Collection entries:
----------

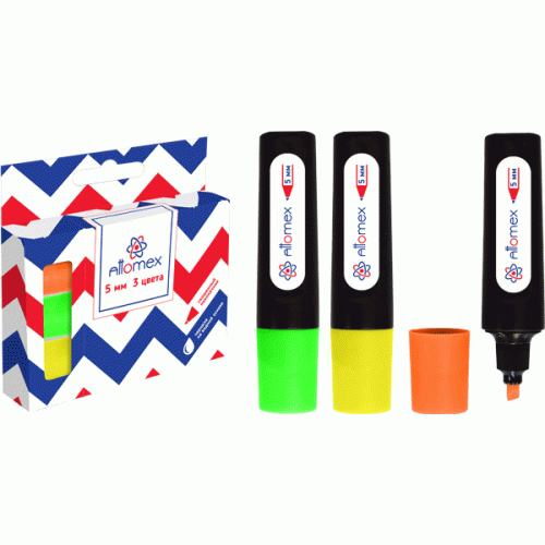 Набор маркеров-выделителей "Attomex" (03 цв - желт, зел, оранж) плоский корпус, скошенный наконечник, ширина линии 1-5 мм, в картонной коробке..
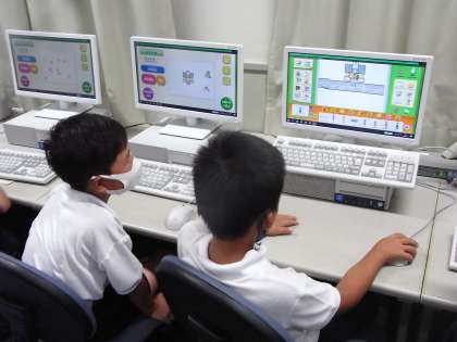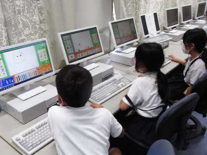 8月3日(月)、3年生がパソコン教室でお絵かきソフトを使って、思い思いの作品を作りました。スタンプ機能を使ったり、マウスを使って手描きの絵を描いたり、それぞれに工夫していました。
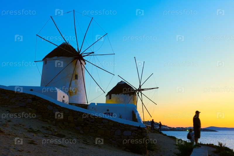 Ветряные мельницы на берегу моря в Миконосе на закате
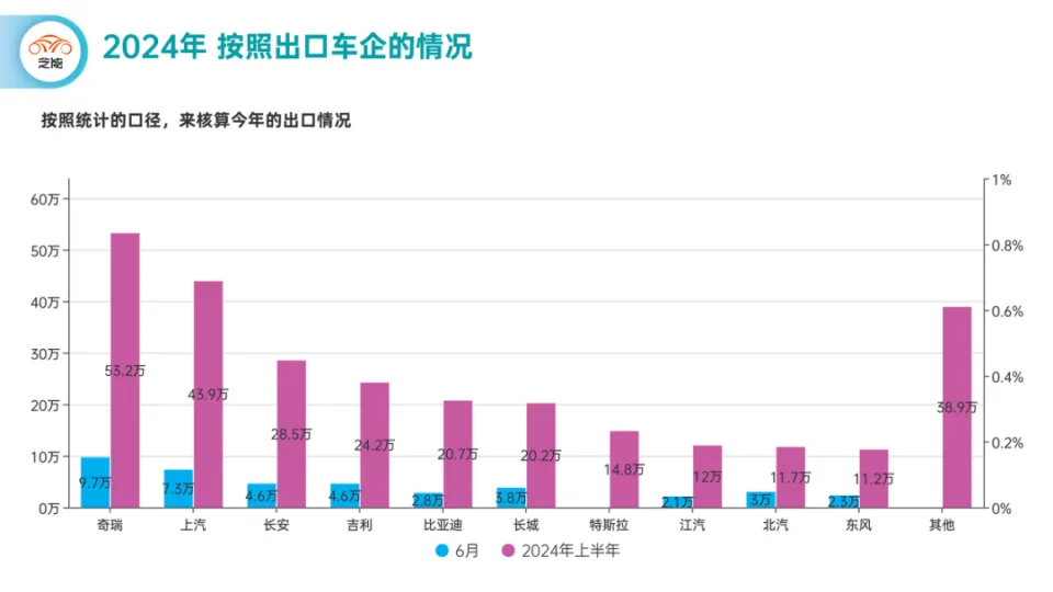 ● 奇瑞 以53.2万台的上半年出口量,超越上汽集团问鼎榜首,其海外市场的拓展能力不容小觑;
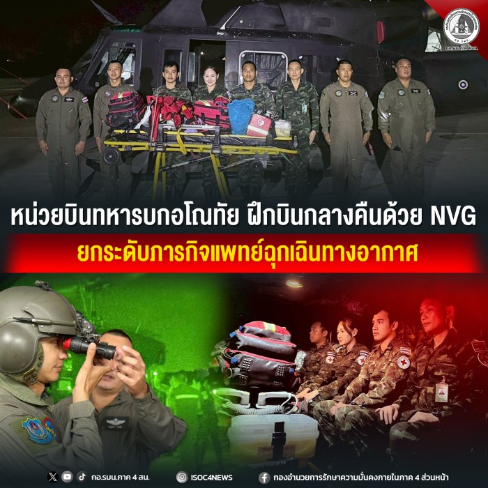 หน่วยบินทหารบกอโณทัย จัดอากาศยาน เฮลิคอปเตอร์ (ฮ.ท.212) ดำเนินการฝึกบินด้วยกล้องช่วยมองเห็นในเวลากลางคืน (Night Vision Goggles : NVG) ร่วมกับชุดแพทย์ส่งกลับทางอากาศ จากศูนย์แพทย์จังหวัดชายแดนภาคใต้ เพื่อเพิ่มขีดความสามารถในการช่วยเหลือผู้ป่วยฉุกเฉินและการปฏิบัติภารกิจในสภาวะแสงน้อย
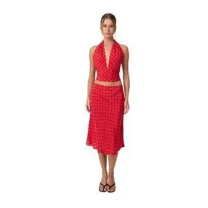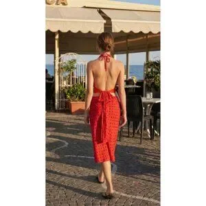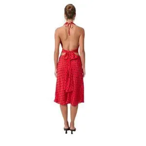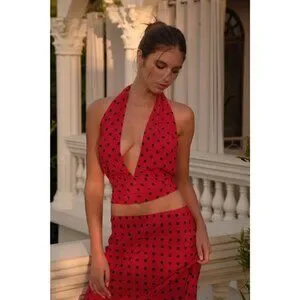 The Luna Top is a halter-style wrap top featuring a V-neckline with adjustable ties at the neck and back.
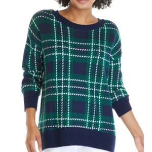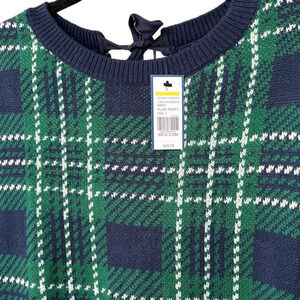 NWT Crown & Ivy Navy Plaid Holiday Party Ribbon Tie Sweater Size Small
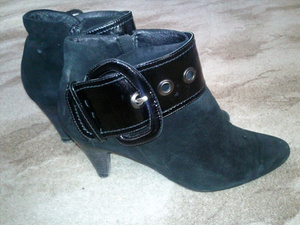 ботиночки на осень, замшевые с лаковым ремнем, цвет глубокий черный (вспышка дала голубой отттенок почему-то). размер 38 (маркировка 37). отдам за 100 рублей в центре- все равно носить не буду. набойки целые.
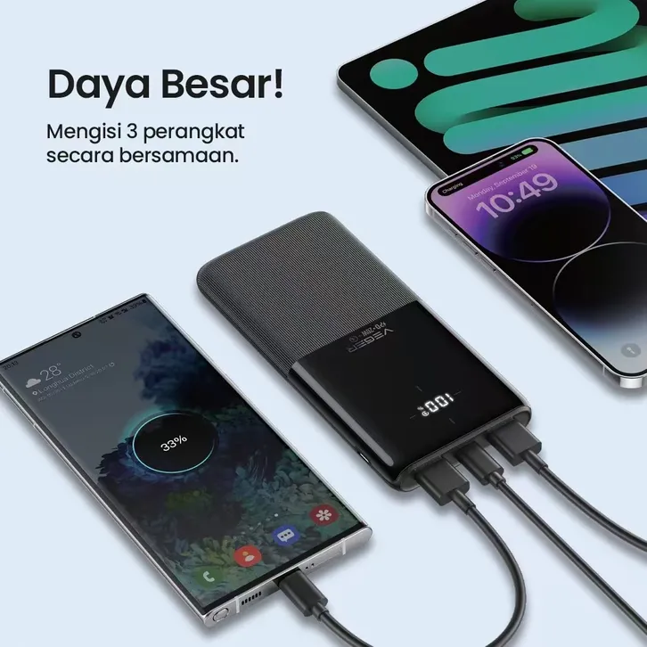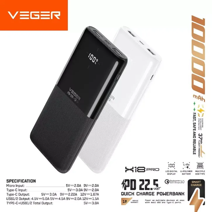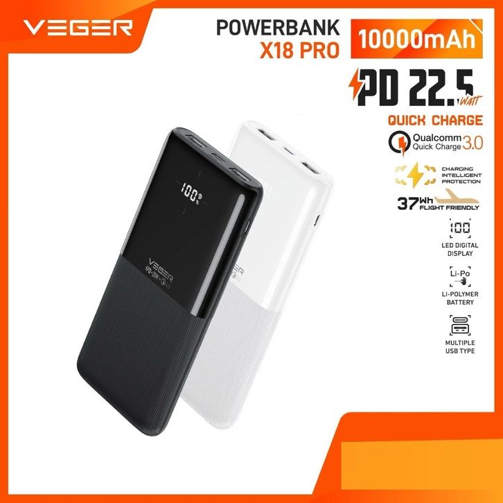 VEGER Powerbank X18 PRO 10000mAh Quick Charge 22.5W PD 20W Power Bank 2 USB LED Digital Display
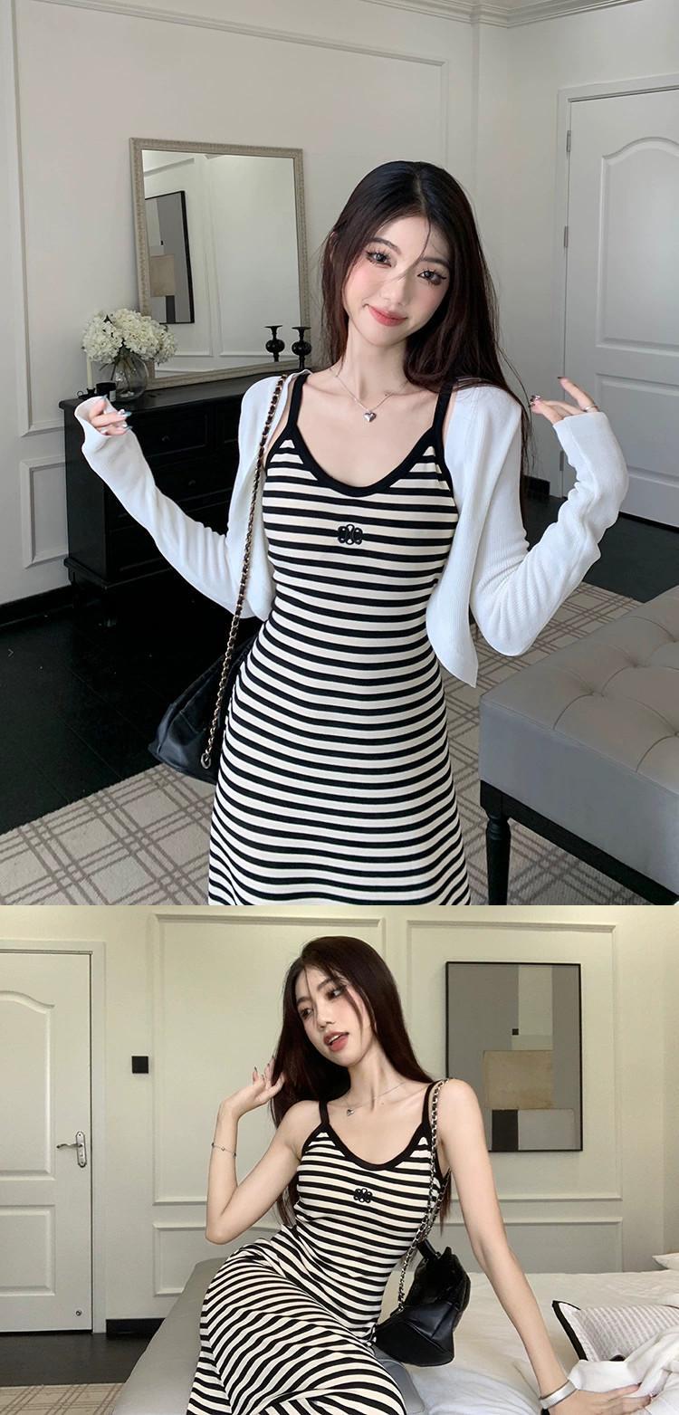 色:ストライプキャミソール,ブラックサスペンダースカート,白いニット日焼け止めカーディガン
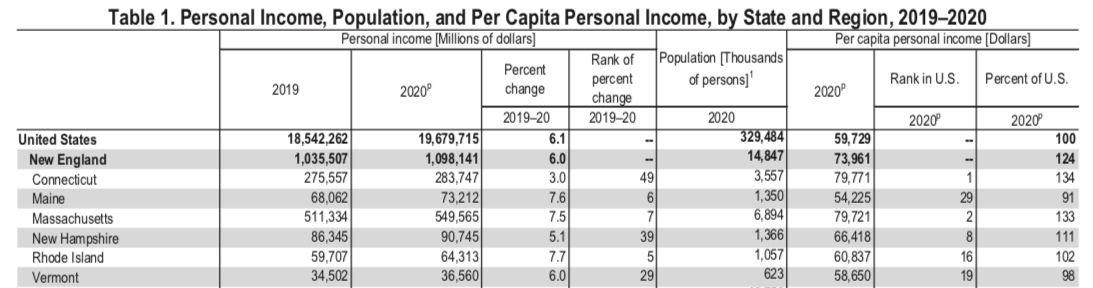 Over the years of 2019 and 2020, Connecticut’s per capita income increased by 3 percent, the second slowest rate in the country, while Massachusetts increased 7.5 percent, the seventh fastest rate in the country

----------

Exercise directions: What is needed is an exact copy of only the lines above from the one with "ботиночки на осень, замшевые" to the one with "VEGER Powerbank X18", both kept, with every picture left out.

Output for this exercise:
 ботиночки на осень, замшевые с лаковым ремнем, цвет глубокий черный (вспышка дала голубой отттенок почему-то). размер 38 (маркировка 37). отдам за 100 рублей в центре- все равно носить не буду. набойки целые.
 VEGER Powerbank X18 PRO 10000mAh Quick Charge 22.5W PD 20W Power Bank 2 USB LED Digital Display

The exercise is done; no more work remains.